Standard Names: Mahi Mahi, Pompano Mahi Mahi




Mahi Mahi are a popular recreational game fish, but commercial catches are minor. They are found in most open tropical waters worldwide. In Australia they are caught by trolling in WA, NT, QLD and far northern NSW, often as bycatch of the Tuna fishery.

They are believed to be very fast growing and short-lived.

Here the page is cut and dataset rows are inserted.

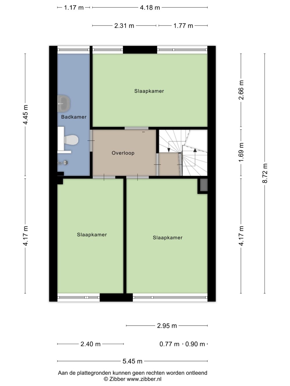 Eerste verdieping: overloop, 3 slaapkamers en een nieuw geplaatste badkamer met wastafel, toilet en inloopdouche.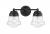 Charming, festive style goes light as it lights up a bath space with this two-light vanity from the Vaughn collection. Illuminate a compact vanity with a themed fixture borrowing from nautical and industrial, formed of bold matte black finish steel and featuring unique schoolhouse clear seedy glass shades. This light becomes a central focus in a transitional or modern bathroom.
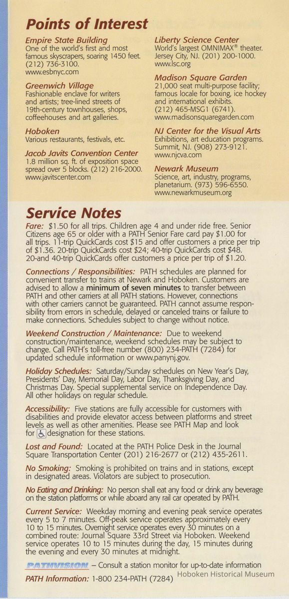 PATH Map and Guide, Effective June 29, 2003. Folded: 4" wide x 8" high. 2 copies.
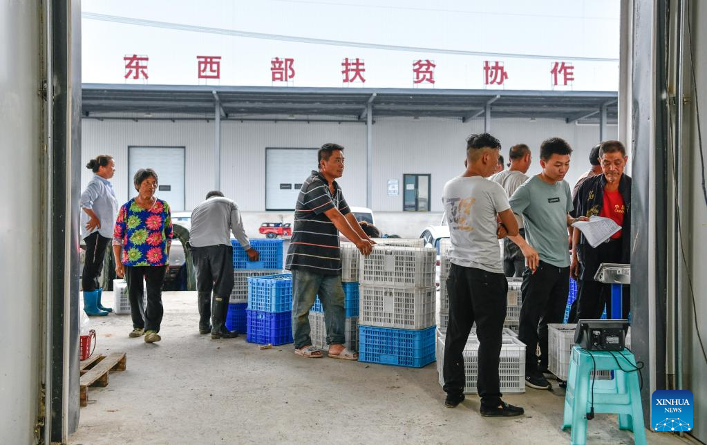 Villagers wait to weigh blueberries at a blueberry trade center in Majiang County, southwest China's Guizhou Province, June 18, 2022. More than 80,000 mu (about 5,333 hectares) of blueberries have entered harvest season in Majiang County of Guizhou, and the blueberry products are being sold to the rest of the country via online orders. (Xinhua/Yang Wenbin)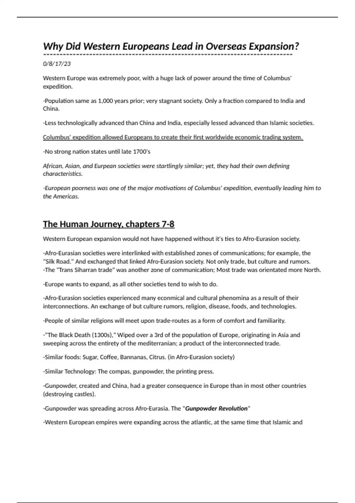 Just a large compilation of notes I took for my History of the Modern World course! It's a bit jumbled, and some stuff isn't covered as thoroughly as I'd like, but I hope it helps you!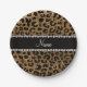 Custom name gold glitter leopard print paper plate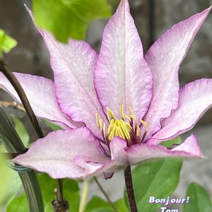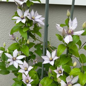 クレマチス サマリタン・ジョー つるはあまり伸びずコンパクトで 四季咲き性で花つきが良いです 花びらのエッジが紫色になります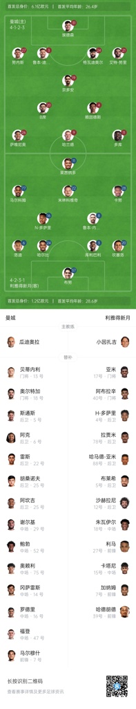 曼城替补:13-贝蒂内利、18-奥尔特加、5-斯通斯、6-阿克、7-马尔穆什、14-尼科-冈萨雷斯、16-罗德里、22-雷斯、25-阿坎吉、29-谢尔基、45-胡桑诺夫、47-福登、52-鲍勃、75-奥赖利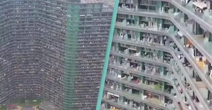 Com cerca de 260 mil metros quadrados de área e uma altura de 206 metros, ele não é apenas um prédio imponente, mas uma comunidade completa, onde 20 mil pessoas vivem sem precisar sair de casa para resolver suas necessidades diárias.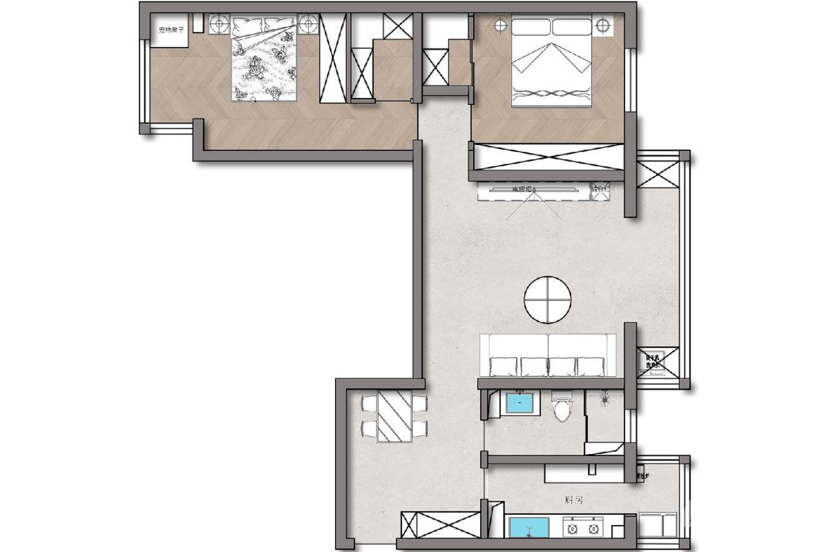 本案为法式现代风,布局开放流畅,客厅圆形元素呼应浪漫。色彩取低饱和调,材质融合原木与金属。卧室保留法式优雅,厨卫功能清晰,以简约线条勾勒慵懒精致的生活场景。
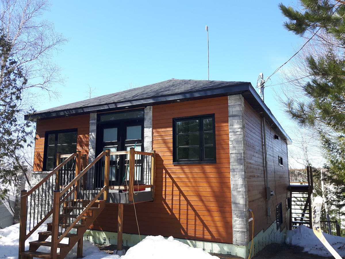 10 min from Maniwaki- Surround yourself with the calmness of nature. The lake views from the warmth of the spa wont disappoint in any season. The kitchen is stocked, bbq ready to go, lots of linens to keep you cozy. The property is easily accessible all year with any vehicle. The Swimming in this crystal clear spring fed lake is heaven (Kayaks and SUP included) The cottage has 2 bedrooms upstairs and 2 beds downstairs (caution, low ceiling just perfect for sleep.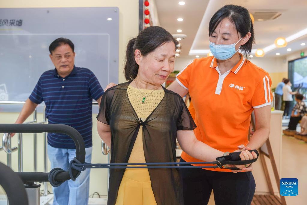 A staff member instructs an elder lady to carry out stretching training at a senior care center in Xuhui District of Shanghai, east China, Oct. 13, 2021. Named "Sports and Health Home for Elders", the senior care center is a multi-functional fitness place for the elderly. It provides elders with "one-stop" services such as physical fitness test, basic health test and scientific fitness guidance, etc. (Xinhua/Wang Xiang)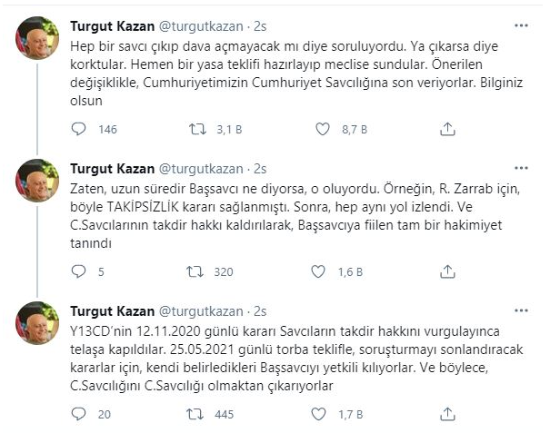 Ünlü hukuçu Turgut Kazan, sosyal medya hesabından yaptığı açıklada “Önerilen değişiklikle, Cumhuriyetimizin Cumhuriyet Savcılığına son veriyorlar. Bilginiz olsun” diye yazdı. Kazan, uzun süredir Başsavcılığın Cumhuriyet Savcılığının önüne geçtiğini ve Cumhuriyet Savcılığının takdir hakkının kaldırılarak başsavcıya tam hakimiyet kazandırıldığını belirtti.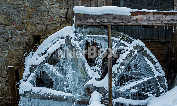 Beschreibung Eingefrorenes Mühlrad. Symbolbild für Energieausfall und Betriebsschließung und Kurzarbeit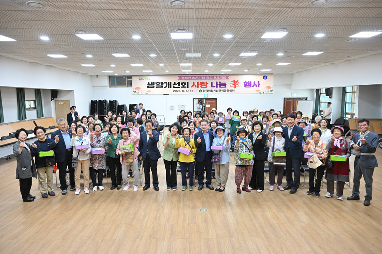 [군위군 세계타임즈=한윤석 기자] 한국생활개선군위군연합회(회장 이준남)는 지난 5일 군위군 관내에서 지역 어르신, 생활개선회원 등 80여 명이 참석한 가운데 행복한 농촌가정 육성을 위한 ‘이웃 어르신과 함께하는 정 나누기 효행사’를 실시했다.
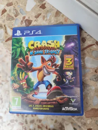 Juego Crash Bandicoot N'Sane Trilogy para PlayStation 4. Esta en perfecto estado, usado muy poco. - Incluye los 3 juegos originales remasterizados. - Completamente en castellano.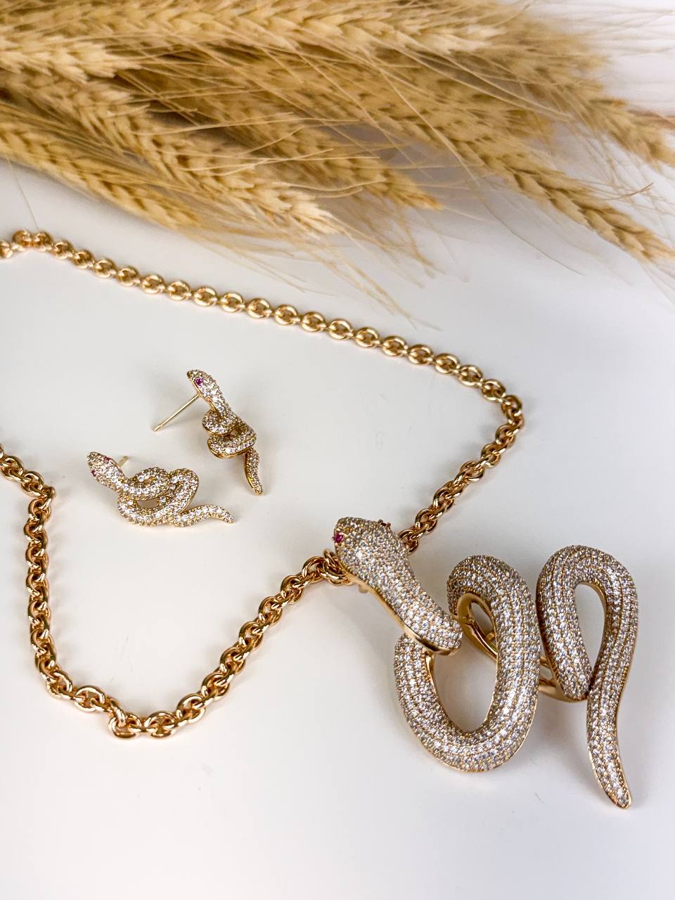 🐍 Design serpente exclusivo: Representando força, renovação e poder feminino, o colar traz a forma da serpente inteiramente cravejada com micro zircônias, proporcionando brilho intenso e acabamento minucioso.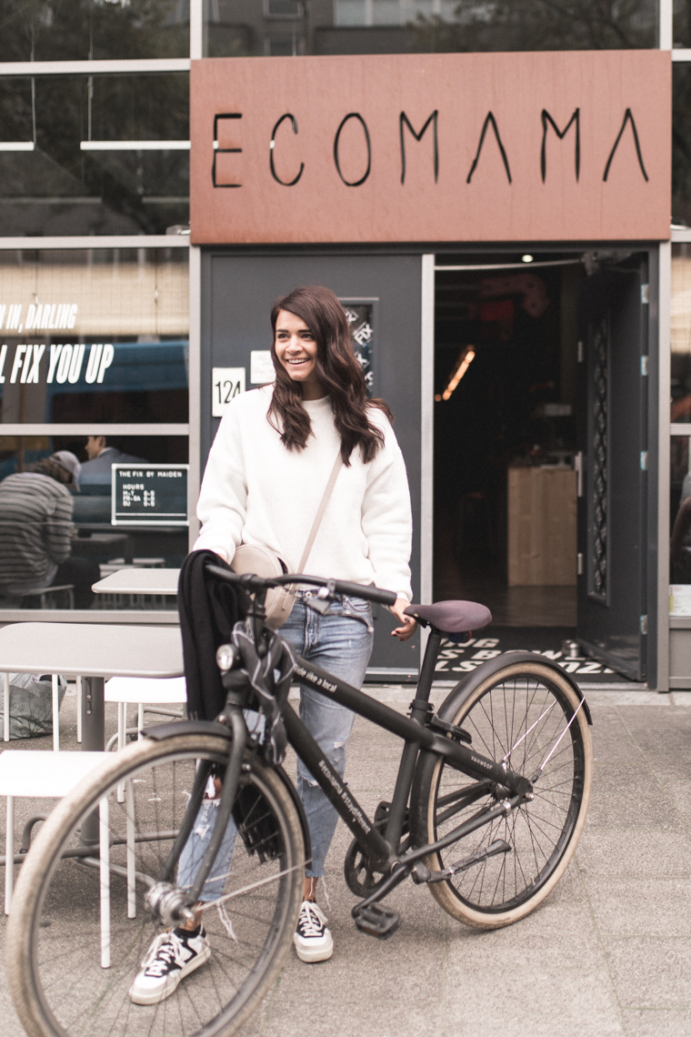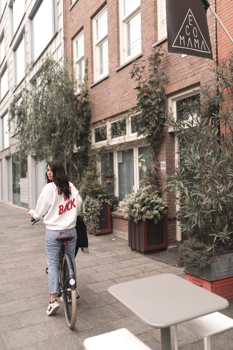 Ecomama befindet sich ca. 10 Gehminuten vom Bahnhof, super zentral also! Allerdings waren Nina und ich nie zu Fuß unterwegs. Beim Hostel kann man sich nämlich richtig coole matt-schwarze Räder ausborgen. Ursprünglich hatten wir eine Radtour als Tagesprogramm geplant, doch nach dem ersten Tag wurde schnell klar, dass das Rad unser täglicher Begleiter in Amsterdam werden wird. Mit dem Rad ist man einfach richtig schnell, sieht viele Gegenden in Amsterdam, bekommt ausreichend Bewegung (was dringend nötig ist, wenn man diverse Restaurants besuchen möchte) und obendrein macht es noch richtig viel Spaß!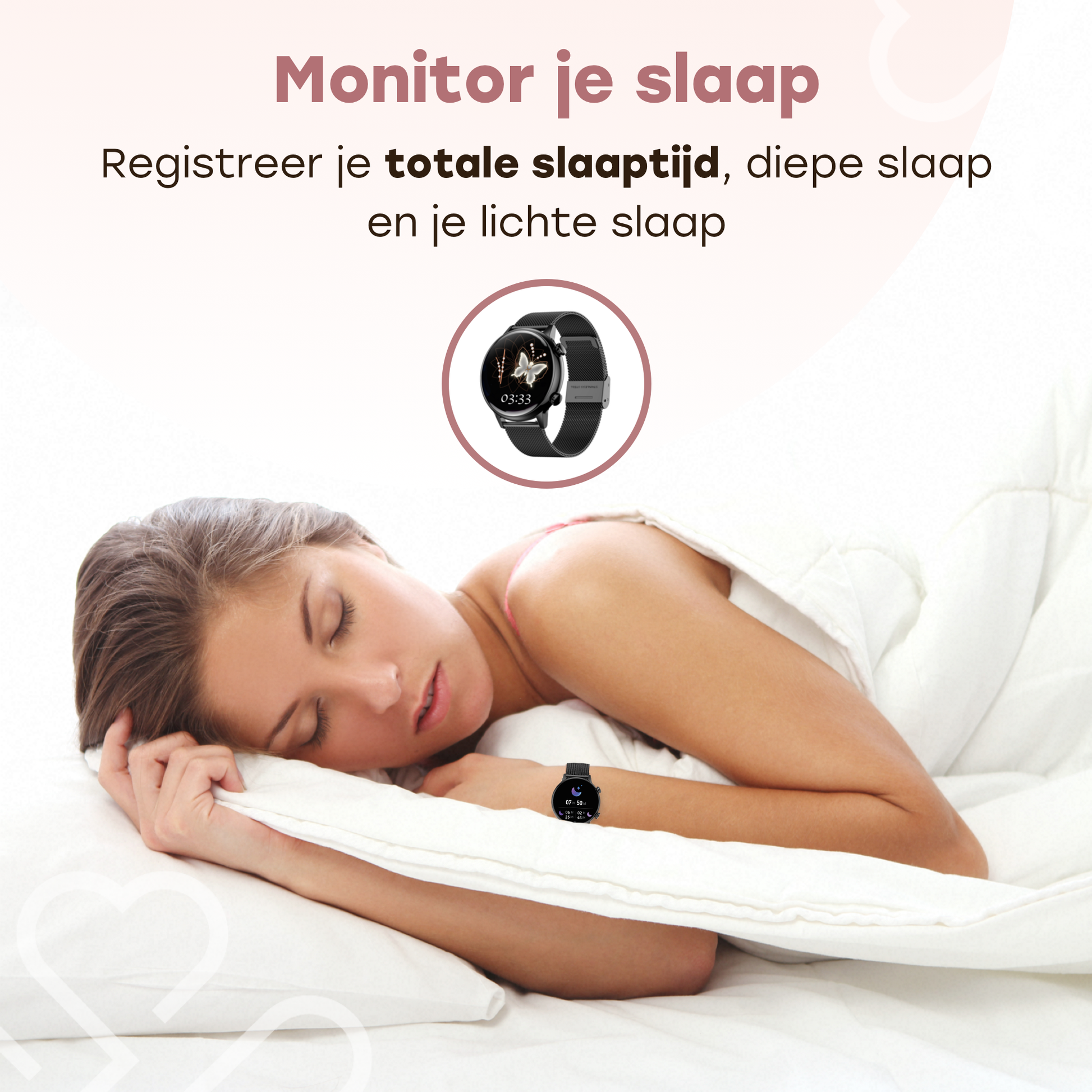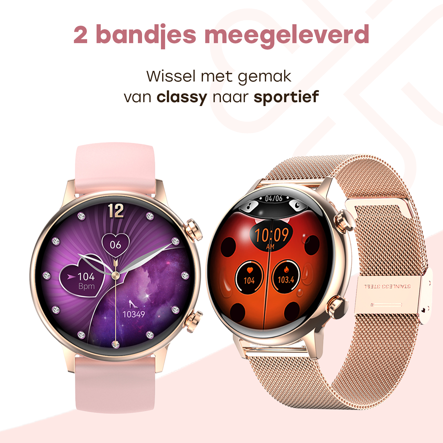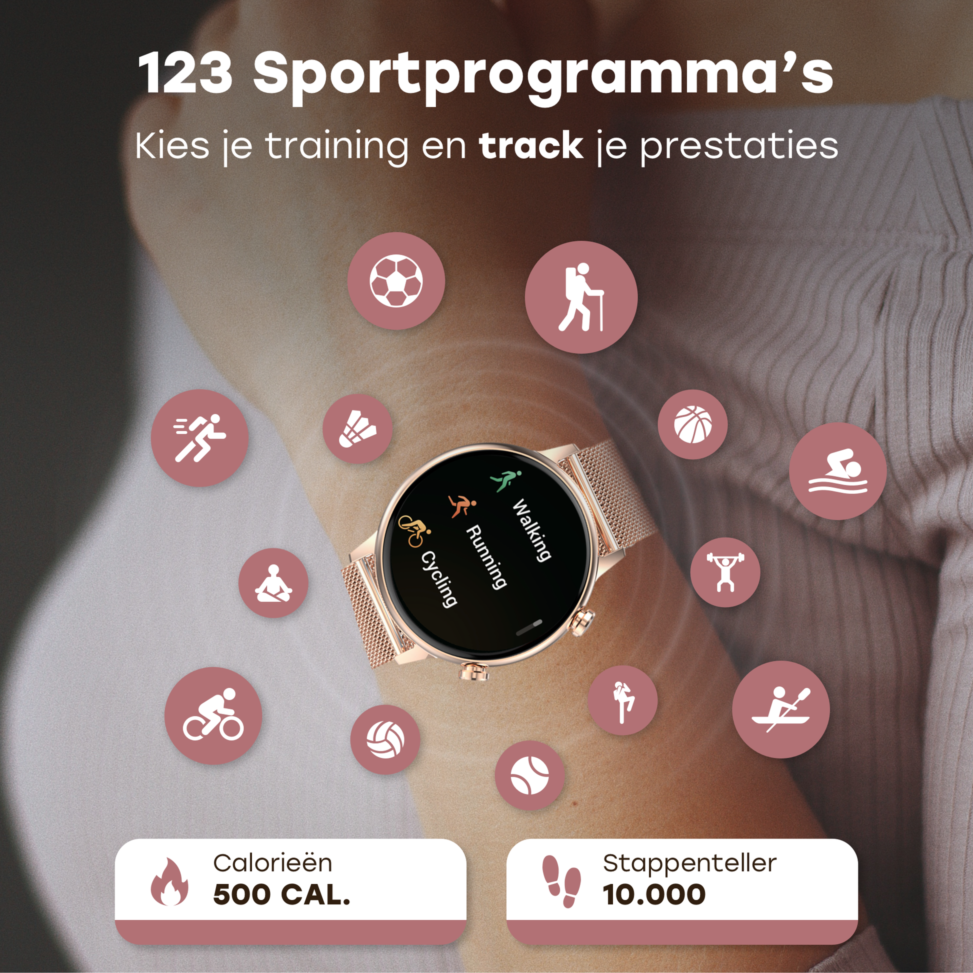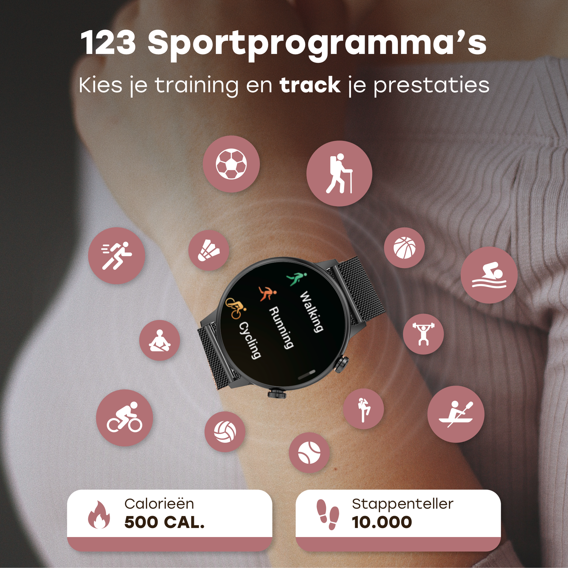 Op zoek naar een smartwatch die niet alleen functioneel is, maar er ook nog eens stijlvol uitziet? Ontdek de Smartwatch Divina van Bizoule! Met een 1,1 inch 360x360 Amoled scherm geniet je van haarscherpe beelden. Bovendien kun je met deze smartwatch handsfree bellen, berichten lezen én kiezen uit 100+ wijzerplaatjes. Dankzij de vele gezondheidsfuncties en sportmodi ben je altijd op de hoogte van je hartslag, stappen en calorieën. Met de Smartwatch Divina haal je een complete assistent om je pols!

They are caught mainly in summer and autumn due to water temperatures and migratory habits.

Also known as Dolphinfish and Dorado.

Government Stock Assessment
Overfishing Biomass AMCS Listing Accreditations
Commonwealth
(Eastern Tuna & Billfish Fishery)
Sustainable Eat Less Mahi Mahi caught by Walker Seafoods Australia are certified sustainable by the MSC
NSW Undefined -
  What do these terms mean?

The Why & How of Sustainability

There are no formal stock assessments of Mahi Mahi, and no catch limits in the Eastern Tuna and Billfish Fishery (where it is considered a minor byproduct species). However, Mahi Mahi is generally thought to be a resilient and sustainable species as it is fast growing, has a short life-cycle, and is not subject to excessive fishing pressure. The AMCS listing is predominantly due to concerns about the bycatch associated with longline fisheries.

Preparation & Cooking:

MAHI MAHI are well regarded food fishes overseas, but are less well known in Australia except by fishermen.

They have firm, flavoursome flesh that make excellent steaks for grilling or BBQ'ing. The meat is also suitable for curries, keeping its shape well and holding up to strong flavours.

Darker meat has a stronger flavour than pale or white meat.

YELLOWTAIL KINGFISH is firm, meaty and flavoursome like Mahi Mahi, and can be grilled or BBQ'd as an alternative. Like Mahi Mahi it holds its shape well in wet preparations such as curries or casseroles.